ReplyDeleteI agree with you in many ways Paul, and I would prefer more exploration of Ford's (Cumberbatch) moral ambiguity rather than Epps (Fassbender), but this article (http://www.slate.com/blogs/browbeat/2013/10/17/_12_years_a_slave_true_story_fact_and_fiction_in_mostly_accurate_movie_about.html) suggests that Northrup's own account was even harder on Epps and kinder to Ford than the movie is. I've read a couple of other articles too, probably just enough to be dangerous in my ignorance. One (http://opinionator.blogs.nytimes.com/2013/11/06/the-passion-of-solomon-northup/) said that there was a ghostwriter involved in Northrup's book, and that he likely added a few happier scenes that made it more palatable to the 19th century reader. But the ghostwriter also tended toward stereotypes. Apparently a lot of research has gone into verifying the original Northrup account, and the conclusion has been that it is basically reliable and the article author feels like the movie stays true to the real story.
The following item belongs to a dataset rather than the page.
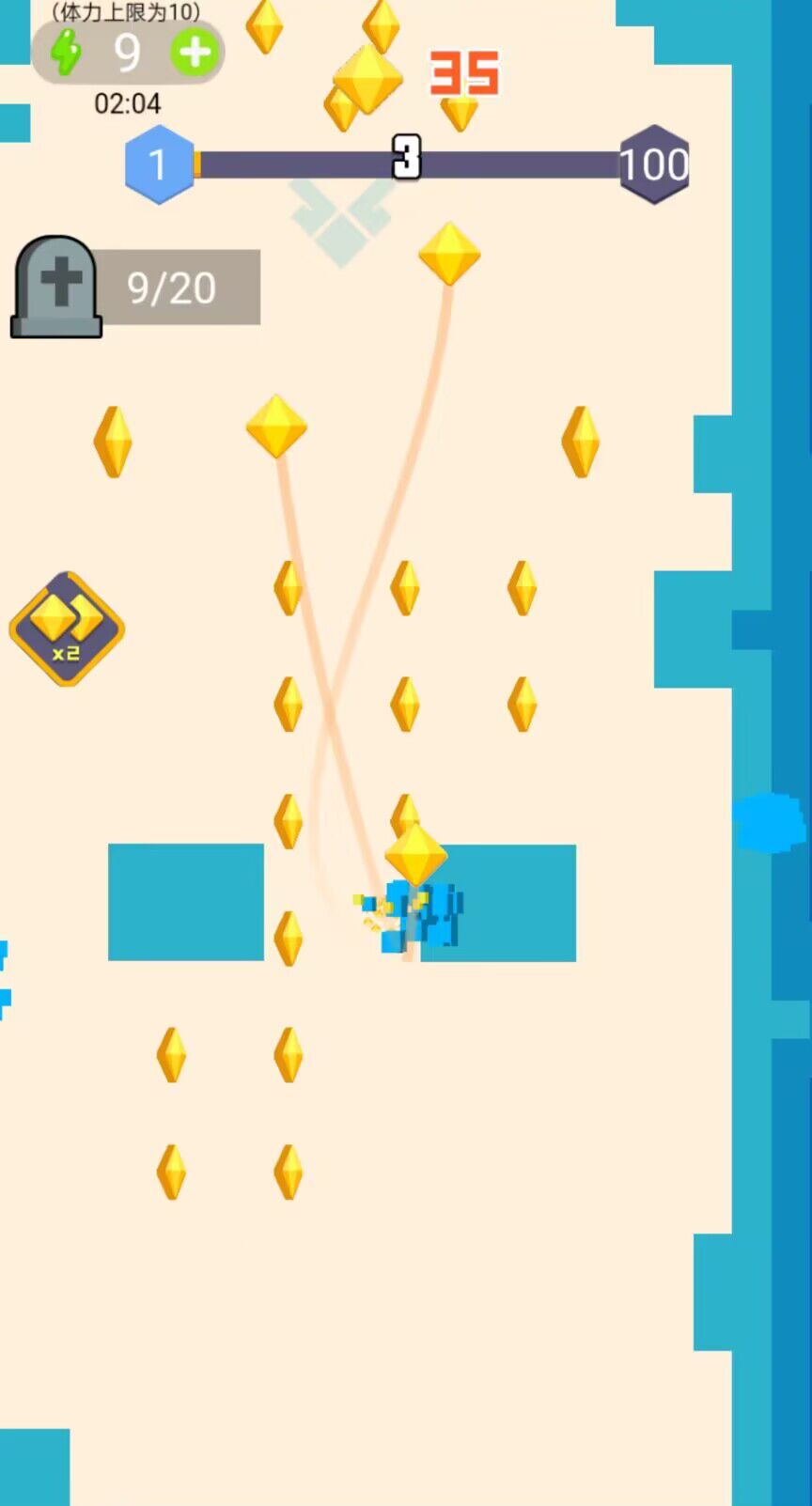您可以通过滑动向前移动,滑动时请注意块的位置和障碍物。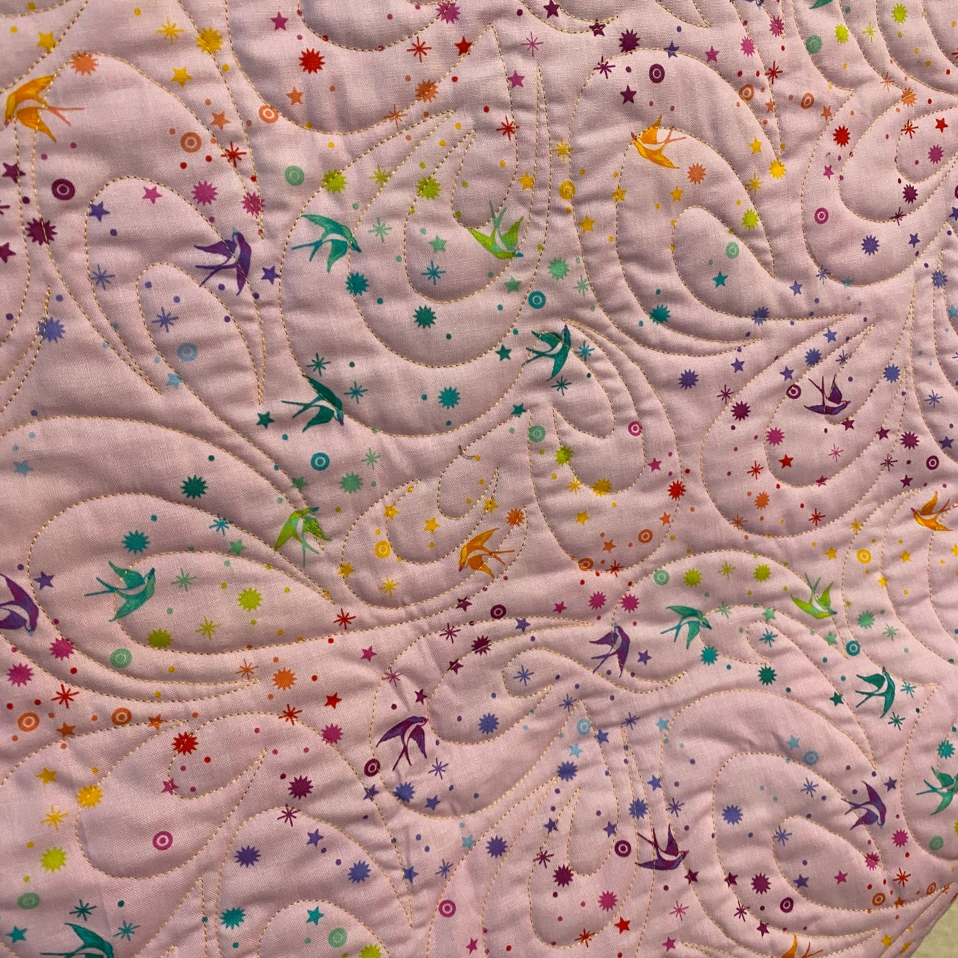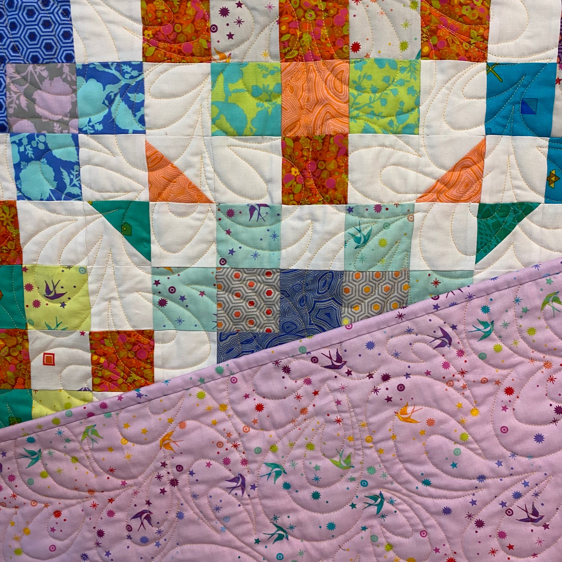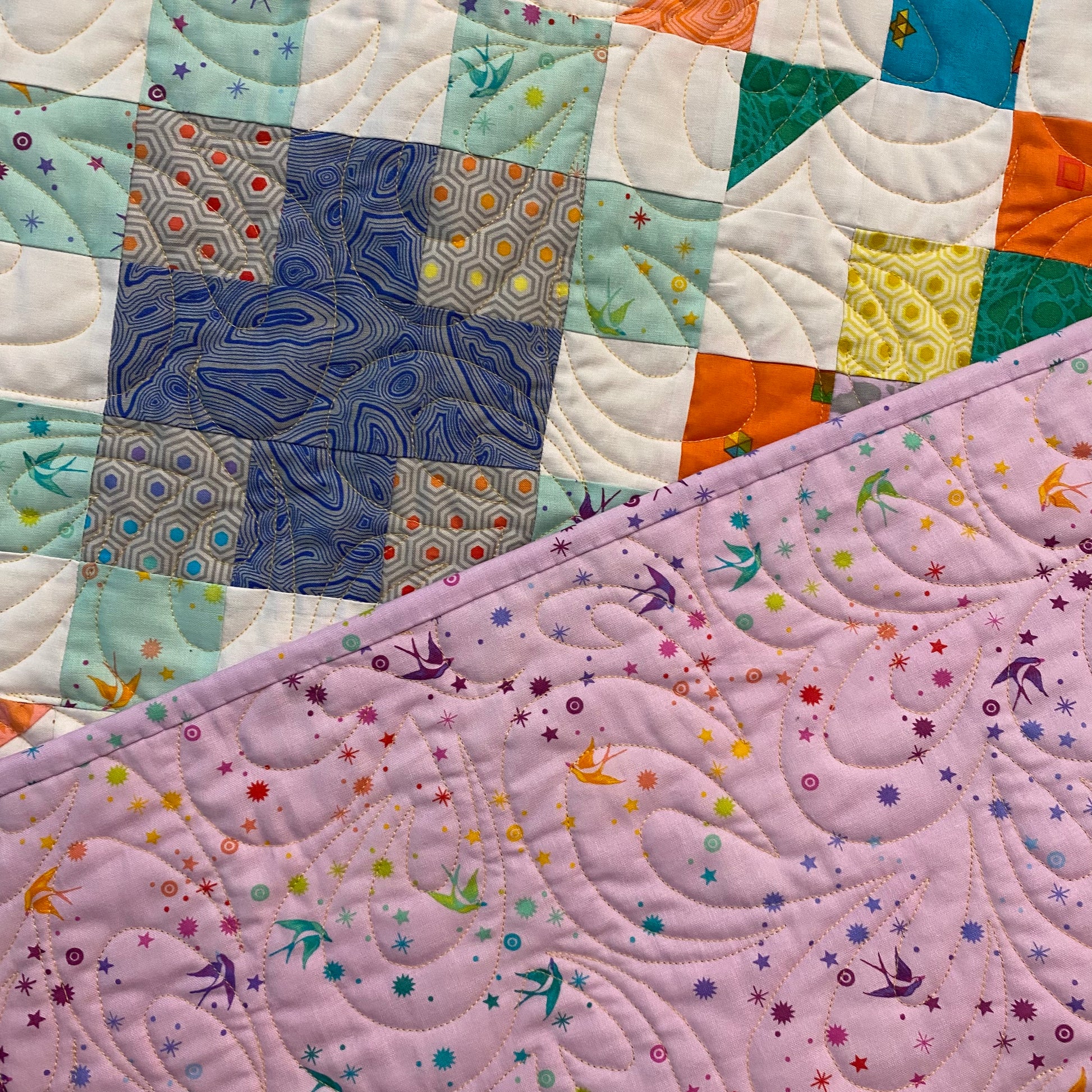 Neon hopscotch is backing with coordinating light purple cotton fabric, and features more stars and sparrows. Edge to edge quilted on a hand guided longarm with golden yellow thread. Hand bound in purple blinding. This sweet throw quilt is perfect for snuggling under or taking on the road for long trips.

ReplyDeleteI agree. I certainly don't mean to cast any doubt on the veracity of Northup's story. It may or may not be exaggerated by abolitionist ghostwriters to help their cause. The story is no less horrific and powerful. I just think that by portraying Epps in such a fantasy-villain manner, it makes it more likely that modern audiences will dismiss slavery as so-two-centruries-ago and thereby miss an opportunity to see how our own attitudes toward race are still perhaps complicit with the antebellum slaveowner. I think stories can be "true" without being "factual." And I think I would have liked this film more if it had been more "true" and less "factual". If you know what I mean. I think that's why I was disappointed at the prevailing criticism against The Butler. Poeple complained that it wasn't factual. No, but it was still "true" in many ways.